The most highly critiqued issues of the contemporary kafala have indeed centered around the power, control and exploitation of the kafīl over foreign employees as well as business establishments. The criticisms have primarily been based on international human and labour rights law and conventions (International Labour Organization 2013a; Kapiszewski 2001).

On the other hand, investigating the technical usage and application of the classical Islamic kafala system, it is clear that an essential element of the classical system is that kafala is considered a contract without benefits on the part of the guarantor. That is, the service of the guarantor (kafīl) is meant to be free of charge.

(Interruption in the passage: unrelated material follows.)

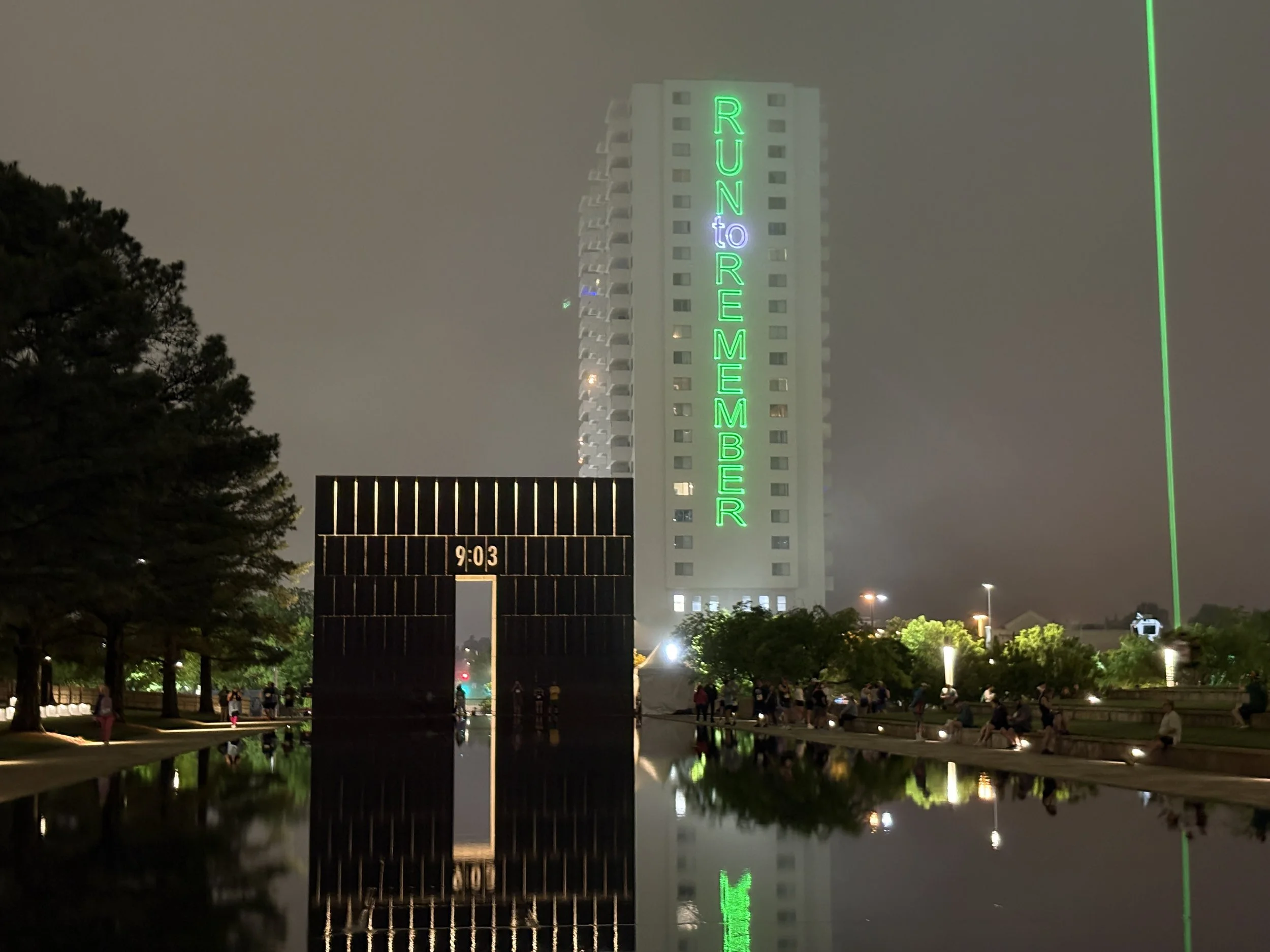 I am thankful that one Sunday morning several weeks before the race, I looked at the website for the memorial race. I noted the request for stories, and I answered their questions. I shared that I ran the inaugural in memory of Kenny and that family members were running with me this year and that I felt grateful at my age to be able to run the race. Within 10 minutes of posting these answers, I got a call from Kari Watkins, President & CEO of the OKC National Memorial & Museum, and then a call from Kylie Frakes, News 9 Executive Producer of Special Projects & Sports, “Would I be okay with the news team coming to Topeka to interview me?” After a minute of considering the possibility—I couldn’t believe it—I said “yes.” We set a date.

Nothing in the Ottoman or fiqh contexts referred to the use of such contracts for the purpose of rewarding the guarantor. Such a situation would in fact have constituted a legal breach since any payments made to the guarantor for providing kafala would have constituted ribā (usury), forbidden in Islam. (Foster 2001, 143)

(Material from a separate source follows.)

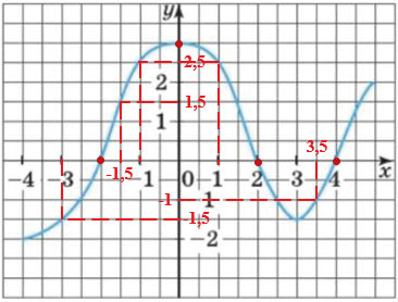 2) Множество значений функции — это все значения \(y\), которые принимает график на заданном промежутке \(x\in[-4;5]\); то есть от наименьшего \(y\) на этом отрезке до наибольшего \(y\).

It is in this sense that the new kafala may seem to violate a key traditional Islamic condition and may be seen more as a business-oriented system rather than one of trust and protection. A kafīl sponsors a worker and represents him/her on behalf of the state on the condition that this specific worker will sign a contract to work for him or for others in return for certain benefits. It is not a pure kafala system. It is a kafala-cum-ijāra (sponsorship-cum-hiring) system, and in this sense the kafala-makfūl relationship has been reversed where the makfūl guarantees the fulfillment of a labour contract with the kafīl who pays the makfūl for his/her labour, presumably making a profit from the labour. This new relationship is no longer kafala. The question remains, however, to what extent is this form of contract Islamically justified and reasoned?1

However, let us look more closely at the distinction between the principle and the practice. Although the original idea may have been for GCC citizens to take responsibility for the presence of foreigners, particularly professionals in the energy industries, the system quickly metamorphosed into one where the kafīl was not held responsible or accountable. For example, the kafīl is the one responsible for the obtaining of a work visa and residency permit. However, if the residency permit was not renewed, the employee becomes an illegal resident liable to arrest, detention and deportation, not the kafīl. Thus, the original idea of the kafīl taking responsibility for the makfūl does not resonate in the new form. As Franz notes, the kafala as adapted to migrant labour, “violates both the letter and spirit of the legal institution,” where “something once associated with social protection has become more restrictive and punitive” (Franz 2014, 101).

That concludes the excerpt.